[[ EXERCISE DATA open ]]

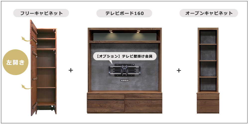 ※画像はフリーキャビネット(左開き)+テレビボード+オープンキャビネットの3点レイアウトと、テレビ壁掛け金具(オプション)を使用したイメージです。テレビは別売りです。
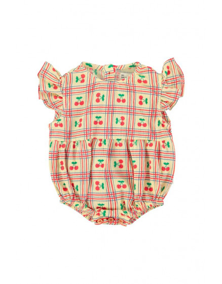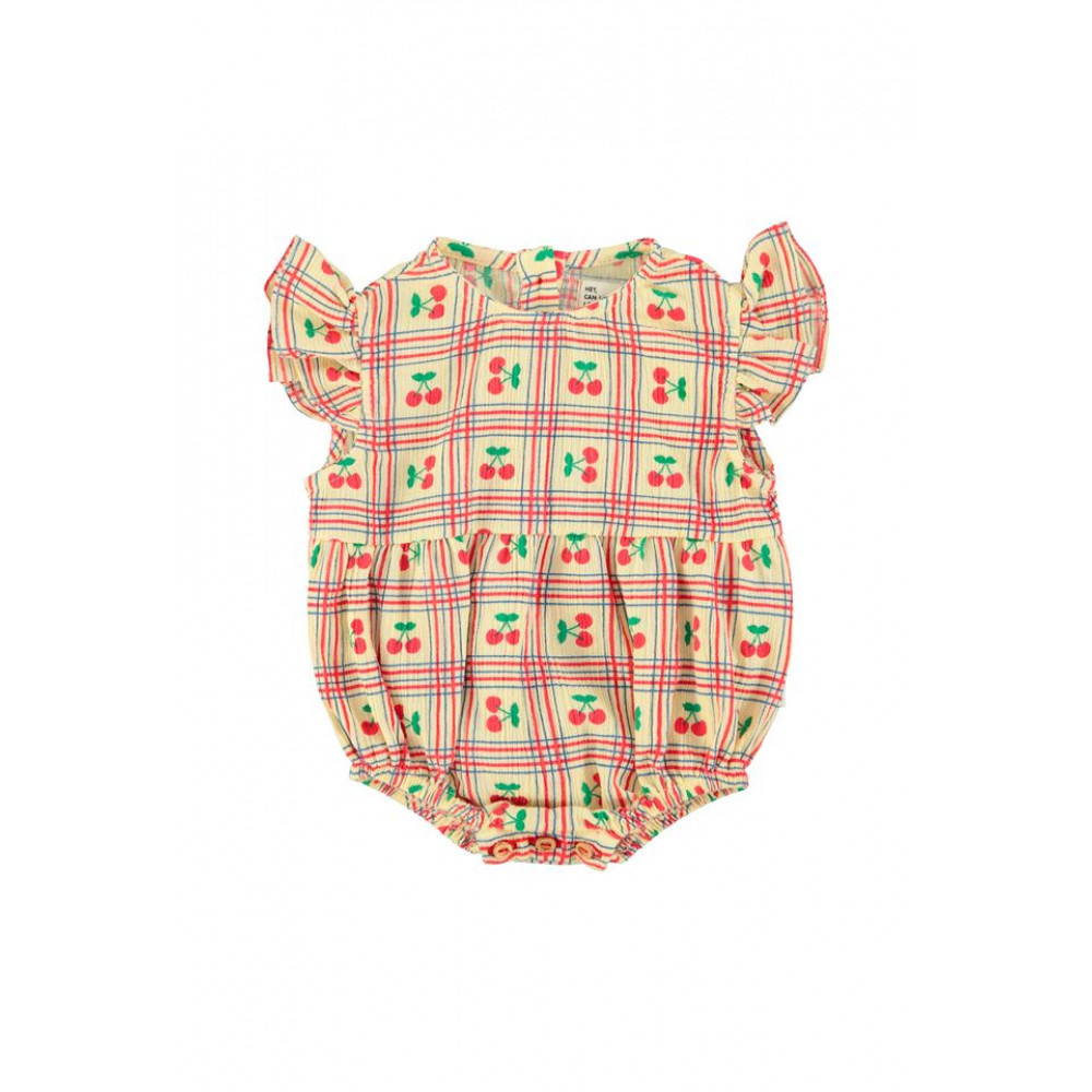 Дитячий комбінезон без рукавів з круглим вирізом горловини та рюшами на плечах. Гумка на стегнах. Застібається на ґудзики між ніжками. Дерев'яні ґудзики ззаду.
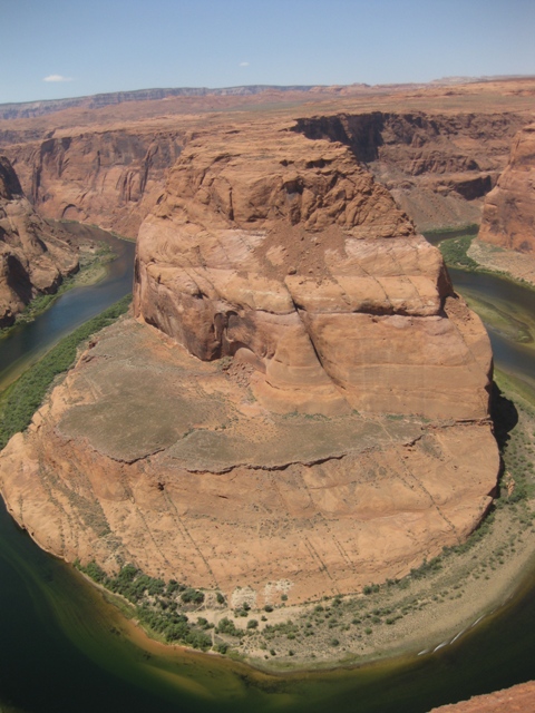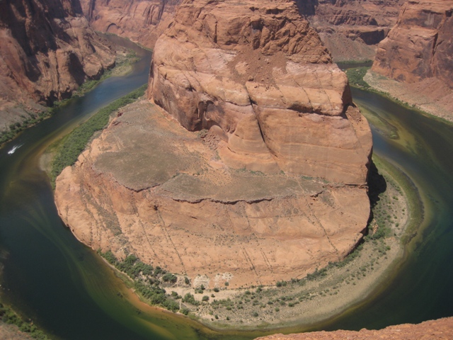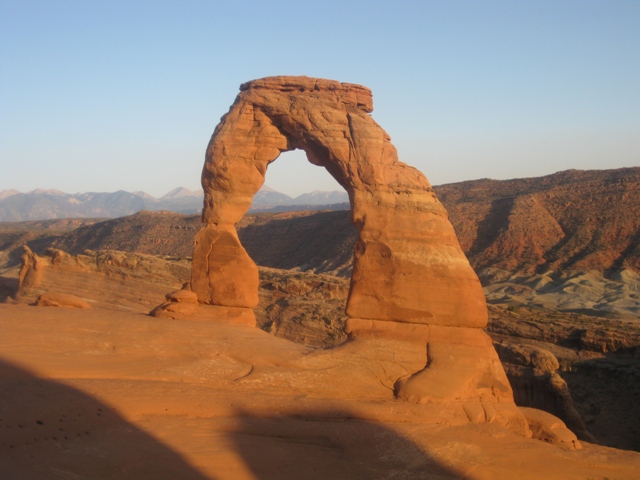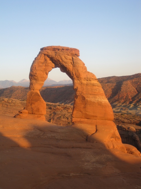 Wir waren auch sehr froh, dass wir so früh oben waren. So eine knappe halbe Stunde vor Sonnenuntergang legte sich langsam der Schatten über den Arch und danach fanden wir das Lichtspiel nicht mehr ganz so toll. Außerdem hatten wir dadurch auch genügend Zeit, die Augenblicke abzuwarten, wenn sich nicht gerade wieder jemand ganz wichtig unter den Arch stellen musste. Dies ging wirklich die ganze Zeit so, dass sich irgendjemand, den Hampelmann machend darunter stellte, obwohl man ihn auf dem Bild eh nur winzig sieht, während die ganze Meute, die den Arch allein fotografieren wollte lauthals buhte. Ich buhte natürlich mit, was meinen Mädels sehr peinlich war.

[[ EXERCISE DATA closed ]]

PROBLEM DETAILS: Without any pictures, output exactly the lines from the start of the material through the line that contains "Дитячий комбінезон без", and only those.

RESULT BELOW:
 ※画像はフリーキャビネット(左開き)+テレビボード+オープンキャビネットの3点レイアウトと、テレビ壁掛け金具(オプション)を使用したイメージです。テレビは別売りです。
 Дитячий комбінезон без рукавів з круглим вирізом горловини та рюшами на плечах. Гумка на стегнах. Застібається на ґудзики між ніжками. Дерев'яні ґудзики ззаду.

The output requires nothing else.